帰国後、臨済宗の布教活動と中国から持ち帰った、茶をすぐに蒔き、お茶の普及にも努めたようである。
 

 当初、臨済宗は様々な政治的妨害を受けるが、栄西は禅の教えは国を守っていくものだとする「興禅護国論」を著して活動を続けた。その後、臨済宗は鎌倉幕府の庇護を受けて広まっていく。
 

 お茶に関して、栄西は栂尾高山寺の明恵上人(みょうえしょうにん)に茶の木の種を贈り、その種を植えて、茶を作る事に成功した。
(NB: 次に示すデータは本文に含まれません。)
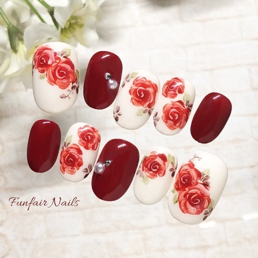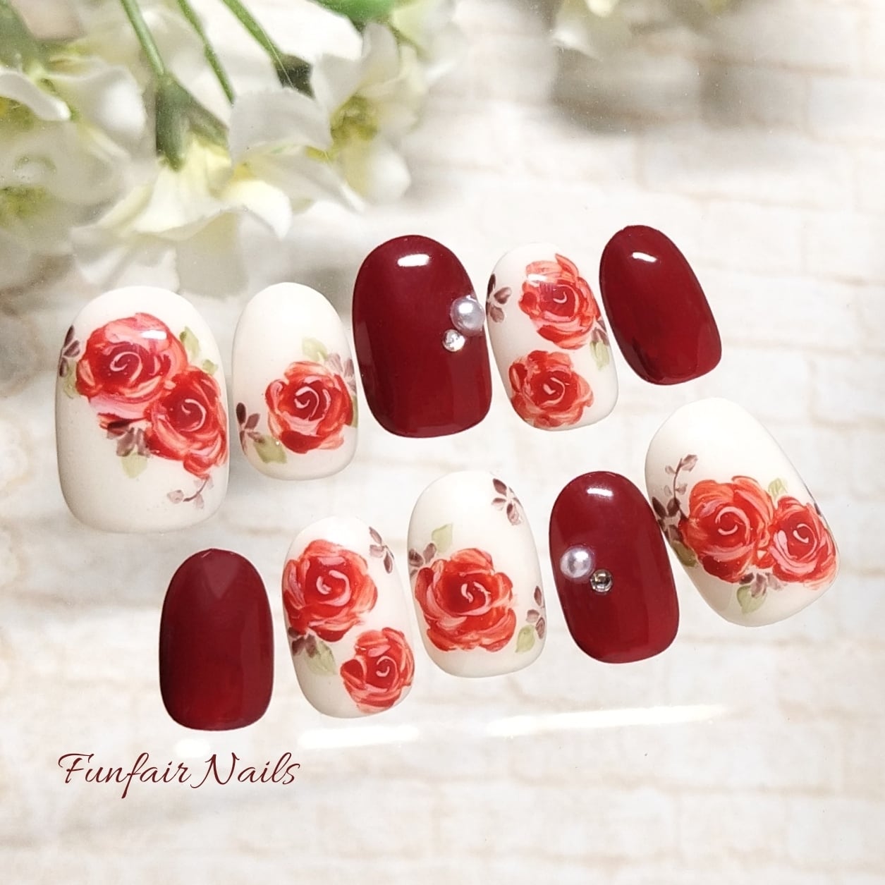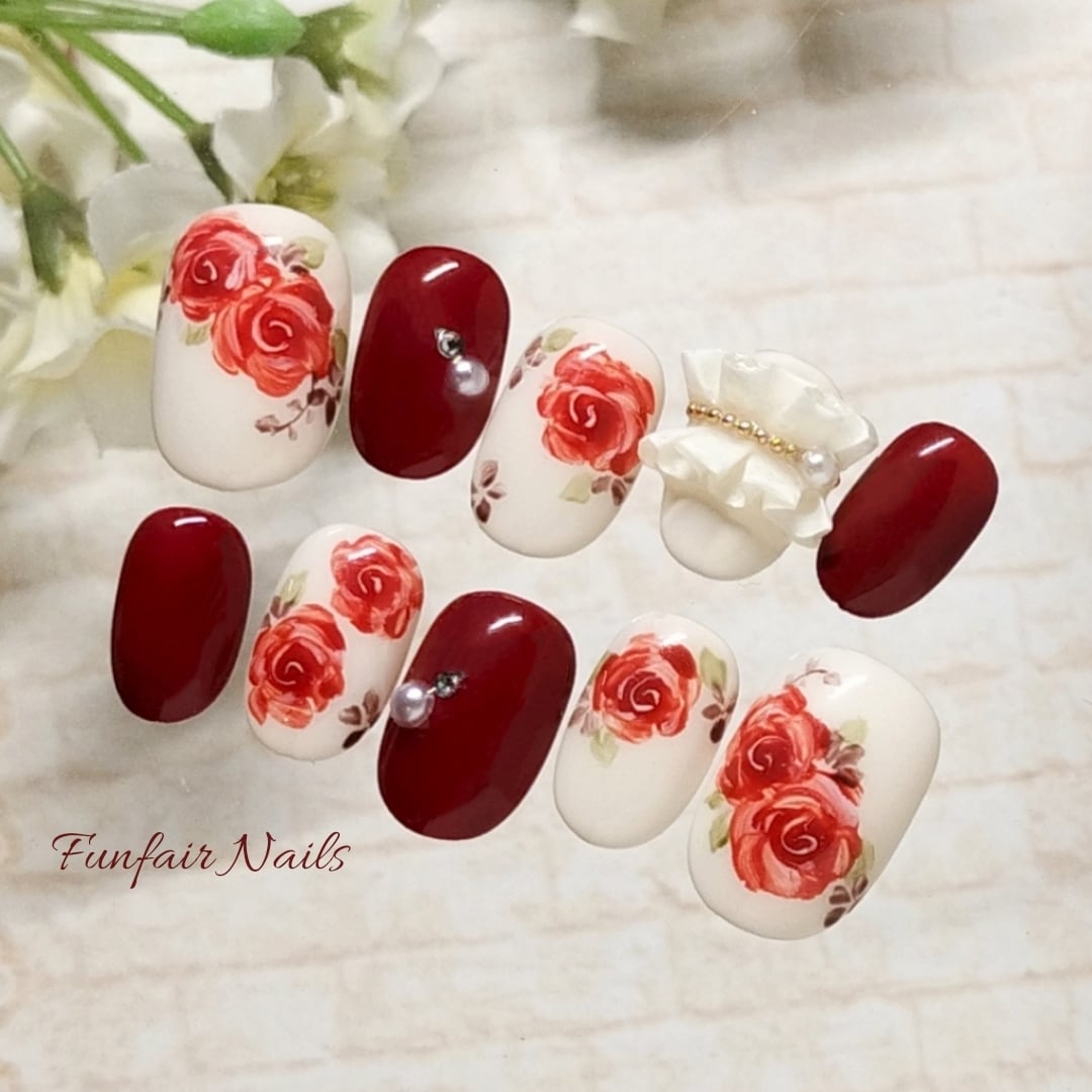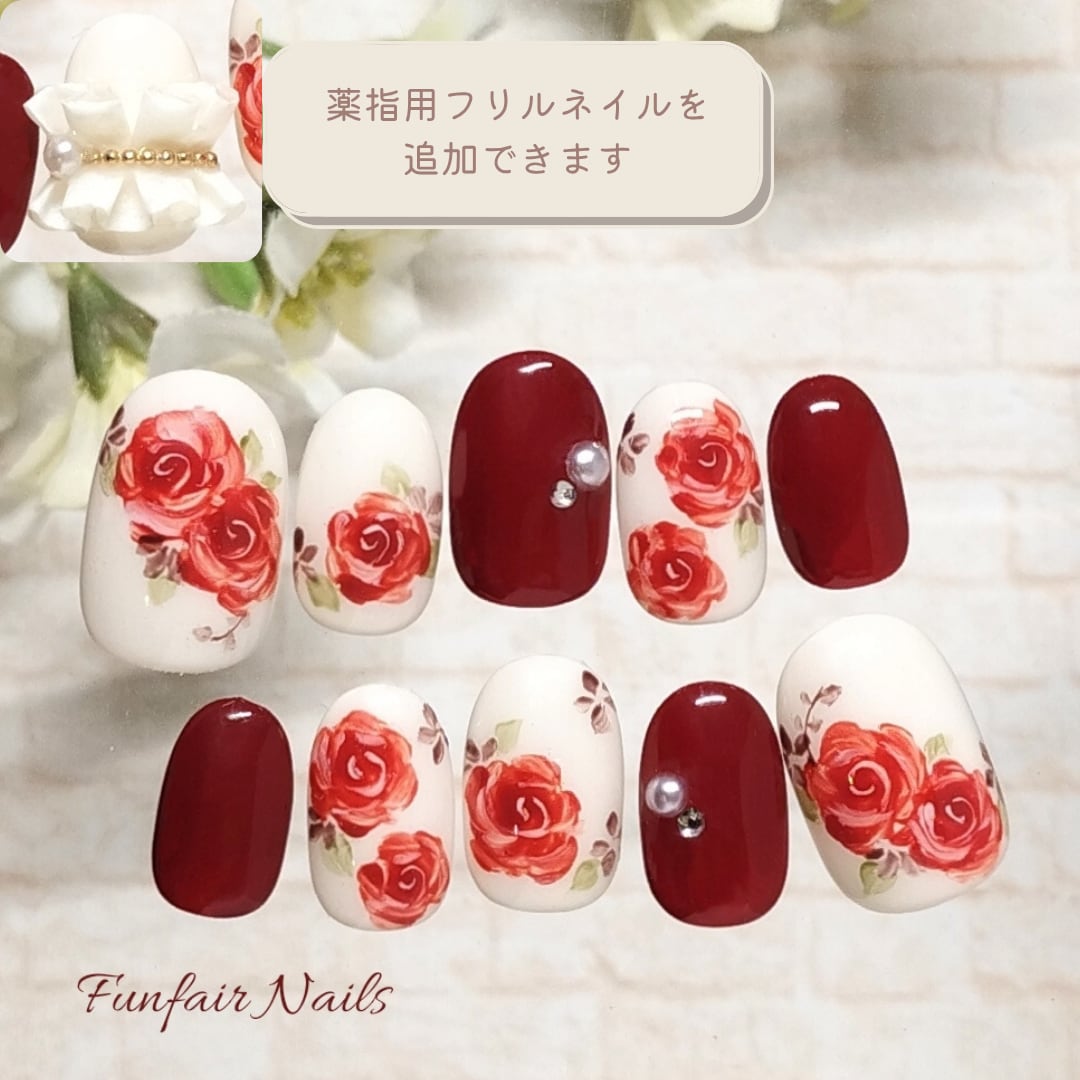 薔薇 ローズ ボルドー ネイルチップ ネイルチップオーダー オーダーネイル ネイル ネイルアート つけ爪 付け爪 オーダー 可愛い かわいい 大人可愛い ガーリー 個性的 個性 おしゃれ お正月 成人式 卒業式 結婚式 ブライダル ドレス 前撮り 袴 デート 着物 着物ネイル 和装ネイル 着物女子 和 フリル シフォン フリルネイル シフォンネイル お菓子ネイル チョコネイル チョコレート レリーフ カメオ アンティーク ゴシック クラシカル クラシック ロリィタ ロリータ 原宿系 原宿 3D 3Dアート 立体 手書き 手描き

その後、栂尾は茶の名産地として、茶栽培が盛んになる。この茶はやがて、修行中の僧の眠気を取り除く助けになるとして、僧侶の間に抹茶が普及するきっかけになった。また、「喫茶養生記」を著して、お茶の薬としての効果を世間に広めた。お茶の薬としての効果を示すエピソードとして、将軍実朝が二日酔いの際に、栄西がお茶を献上して、その症状を取り除いたとされる。

 

歴史語句

栄西(1141~1215)

出生は備中の豪族、賀陽氏の生まれである。最初、比叡山で学び、その後、1168年と1187年の2回中国(当時は宋)に渡り仏教を勉強し、禅宗の一派である臨済宗を伝えた。鎌倉で寿副寺、その後、京都で健仁寺を開く。また、中国から茶をもたらし「喫茶養生記」を著して、茶を広めるきっけとなった。

 

源実朝(みなもとのさねとも)(1192~1219)

 頼朝の次子、幼名千幡。頼家の後、3代将軍に就任した。北条氏が実権を握るなかで、将軍権力の拡大に努めたが、頼家の子、公暁に暗殺された。

 

遣唐使

日本から唐に派遣された正式な外交使節である。630年~894年の間に行われた。

 

(960~1279)

 安史の乱以後続いた混乱を収めて、中国を統一、開祖は趙匡胤。文治主義を推進して中国統治。北宋と南宋に分かれる。